# EXERCISE OBJECTIVE
Please repeat the lines below, exactly and only, from the one that holds "C-C | Section" through the one that holds "(26) Atrium link".
━━━━━ INFORMATION SHOWN
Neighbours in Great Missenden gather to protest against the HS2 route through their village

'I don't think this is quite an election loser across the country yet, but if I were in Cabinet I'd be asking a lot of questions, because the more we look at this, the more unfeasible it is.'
━━━━━━━━━━
━━━━━ INFORMATION SHOWN
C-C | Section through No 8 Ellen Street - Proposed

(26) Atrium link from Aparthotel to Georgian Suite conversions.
━━━━━━━━━━
# ANSWER TO THIS EXERCISE
C-C | Section through No 8 Ellen Street - Proposed

(26) Atrium link from Aparthotel to Georgian Suite conversions.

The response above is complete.